Nörobiyolojik nedenler: Beyinde sinirler arası iletimi sağlayan nörotransmiter diye adlandırılan kimyasallardan serotonin seviyesinin düşmesi ile OKB gelişimi arasında bir bağlantı saptanmıştır. Ayrıca, obsesif kompulsif bozukluk ile epileptik nöbet, kafa travması, beyin tümörleri, gelişimsel bozukluklar ve multipl skleroz gibi nörolojik bozukluklar arasında ilişki olduğu düşünülmektedir.

Çocukluk çağı travmaları: Çocukluk çağı travmalarına maruz kalan bireylerin, ileriki yaşamlarında stres yaşantısı ardından obsesif kompulsif bozukluğun ortaya çıktığı düşünülmektedir.

Kişilik özellikleri: Kişilik yapısı titiz, ayrıntıcı, kuralcı, mükemmelliyetçi olan kişilerde obsesif kompulsif bozukluk gelişmesinin daha yatkın olduğu konusunda yapılan araştırmalar mevcuttur.

Tedavi

OKB kendi kendine geçmez, bu yüzden tedavi edilmesi önemlidir. En iyi tedavi yöntemi ilaç ve bilişsel davranış terapisidir.

Bilişsel davranış terapisi: Obsesif hastalar kaygı verici düşünceler ile bu düşüncelerden kaçarak ve kaçınarak başa çıkmaya çalışırlar.

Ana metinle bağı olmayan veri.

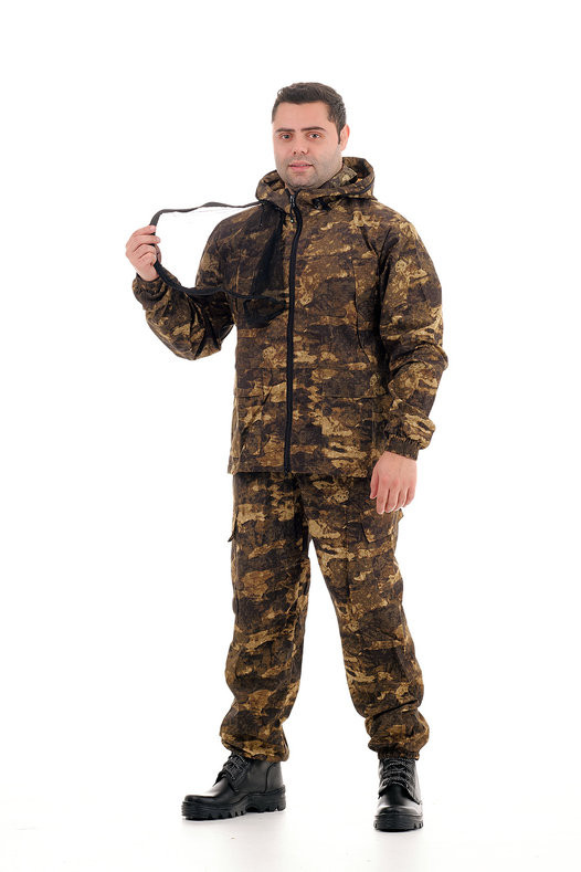 Костюм «Лесовик» это легкий и надежный антимоскитный костюм. Удобный и функциональный прекрасно подойдет для всех любителей активного образа жизни. Состоит из длинной куртки с капюшоном и прямых брюк, низ брюк собран на резинку. Рукава куртки с трикотажными манжетами плотно облегают руки и препятствуют проникновению насекомых. Капюшон оснащен съемной антимоскитной сеткой. Легкая смесовая ткань делает этот костюм практичным и удобным в эксплуатации.

Ne var ki düşüncelerden kaçmaya çalıştıkça bu düşünceler daha da artmakta ve böylelikle kısır bir döngü oluşmaktadır. Davranış tedavilerinde amaç hastayı kaygı veren ve kaygı oluşturduğu için kaçma ve kaçınma davranışlarına neden olan düşüncelerle [obsesyonlar] karşı karşıya getirmek ve bu karşılaştırmanın oluşturduğu kaygıyı azaltmak için devreye giren tekrarlayıcı davranışları [kompulsiyonlar] engellemektir. Bilişsel ve davranışçı terapiler hem hastalığın tedavisinde hem de özelikle tekrarlamaların önlenmesinde çok önemli bir yer tutmakta, tedavide bazen tek başlarına bazen de ilaç tedavileri ile birlikte kullanılabilmektedirler. Bilişsel davranışçı tedaviler tedavi seçenekleri arasında en önemli yeri tutmaktadır.

İlaç tedavisi: Antidepresan ilaçlar ve beyindeki seratonin düzeyini dengelemeyi sağlayan ilaçlar hastalığın tedavisinde yaygın olarak kullanılır.